A recent court decision reported that an S corporation shareholder’s salary should be a reasonable compensation. Despite the fact that there is no statute, rule or regulations requiring minimum compensation to be paid, the compensation should be reasonable. To the court, however, the issue was not whether some minimum compensation must be paid, but whether the compensation paid was reasonable. Reasonable compensation analyses apply not only when the issue is whether a salary may be deducted as an ordinary and necessary business expense, but also when the issue is whether payments are wages subject to FICA tax.
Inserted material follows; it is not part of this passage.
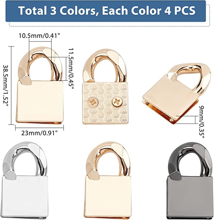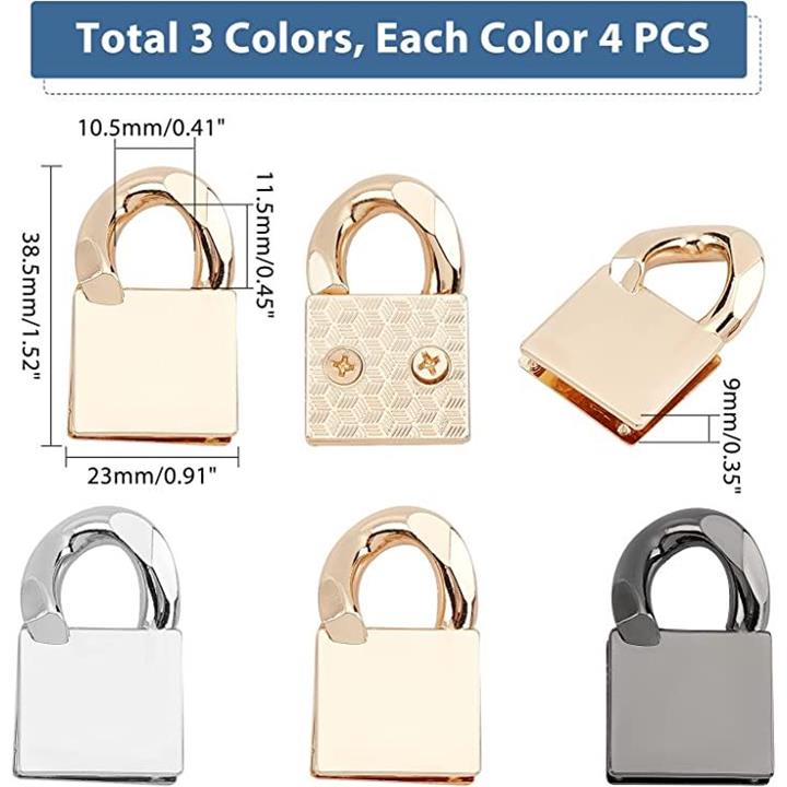 互換品 メタルサイドクリップバッグバックル 12セット 3色 バッグコネクタバックル メタルバックルトチカン レザークラフト接続バックル金具パーツ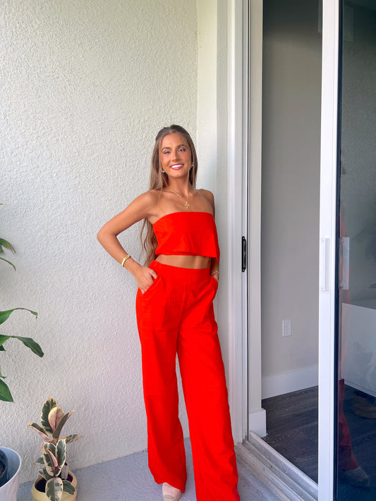 Rachel Asymmetrical Crop Top & Pant Set - Burnt Orange

One of the continuing advantages of the S corporation format over taxation of partners and LLCs is the ability to treat a portion of payments from an S corporation as return on investment not subject to employment taxes. Many S corporations are fairly aggressive in the amount of S corporation earnings that are treated as shareholder distributions, rather than employee compensation. There are enough S corporations that assert that none of the S corporation distribution is compensation that most of the court cases are devoted to the opposite, and the Internal Revenue Service always wins.
S corporations continue to be a very popular form for doing business as compared to partnerships and LLCs, despite the statutory restrictions on set-up and operation, because of the ability to segregate compensation and dividends.
S corporations need to approach compensation in a reasonable manner. Shareholders compensation is the No 1 audit issue that S corporations encounter. Taxpayers can avoid this issue by establishing and maintaining a reasonable compensation strategy that can be explained to IRS. The compensation should be reasonable in relation to profits and efforts.